EXERCISE: With the pictures left out, print exactly the lines below that run from the one containing "最近では、バーディン区のファン ディン フン通り、ホアン" through the one containing "四季の緑が彩る神社の境内。和装が映える特別な場所。".

EXERCISE MATERIALS:
/---
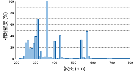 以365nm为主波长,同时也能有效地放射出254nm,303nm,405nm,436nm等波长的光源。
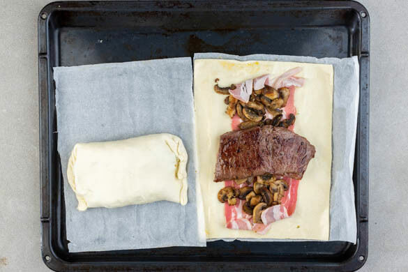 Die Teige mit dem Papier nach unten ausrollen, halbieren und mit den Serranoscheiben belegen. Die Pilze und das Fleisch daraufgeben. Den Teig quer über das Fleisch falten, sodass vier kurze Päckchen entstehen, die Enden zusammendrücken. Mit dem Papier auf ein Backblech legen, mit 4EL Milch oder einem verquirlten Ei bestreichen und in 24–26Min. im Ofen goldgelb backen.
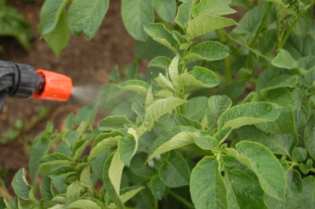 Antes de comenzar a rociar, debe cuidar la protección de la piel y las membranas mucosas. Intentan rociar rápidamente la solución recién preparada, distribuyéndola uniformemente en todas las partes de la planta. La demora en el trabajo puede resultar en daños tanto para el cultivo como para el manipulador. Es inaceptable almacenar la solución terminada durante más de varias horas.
\---
/---
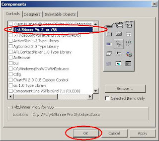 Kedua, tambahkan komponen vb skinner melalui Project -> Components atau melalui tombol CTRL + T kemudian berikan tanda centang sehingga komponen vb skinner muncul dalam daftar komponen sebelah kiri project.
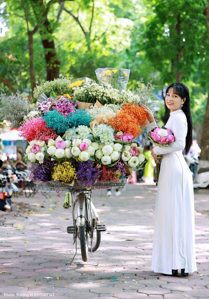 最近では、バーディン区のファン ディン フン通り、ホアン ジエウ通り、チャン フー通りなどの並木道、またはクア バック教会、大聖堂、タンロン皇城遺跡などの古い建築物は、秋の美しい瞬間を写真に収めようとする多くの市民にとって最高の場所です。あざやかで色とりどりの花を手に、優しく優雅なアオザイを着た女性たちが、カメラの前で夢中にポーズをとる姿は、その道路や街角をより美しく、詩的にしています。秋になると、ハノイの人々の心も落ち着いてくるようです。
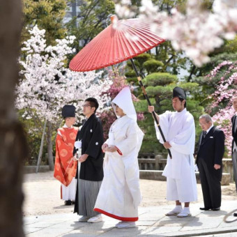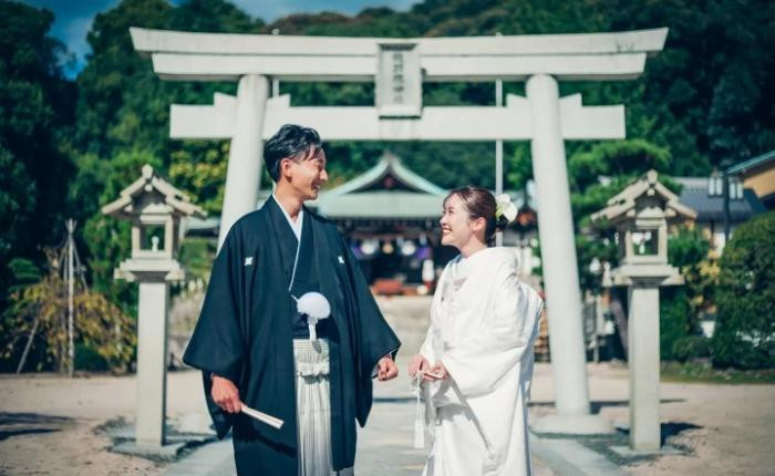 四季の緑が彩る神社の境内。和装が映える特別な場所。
\---
RESPONSE TO THE EXERCISE:
 最近では、バーディン区のファン ディン フン通り、ホアン ジエウ通り、チャン フー通りなどの並木道、またはクア バック教会、大聖堂、タンロン皇城遺跡などの古い建築物は、秋の美しい瞬間を写真に収めようとする多くの市民にとって最高の場所です。あざやかで色とりどりの花を手に、優しく優雅なアオザイを着た女性たちが、カメラの前で夢中にポーズをとる姿は、その道路や街角をより美しく、詩的にしています。秋になると、ハノイの人々の心も落ち着いてくるようです。
 四季の緑が彩る神社の境内。和装が映える特別な場所。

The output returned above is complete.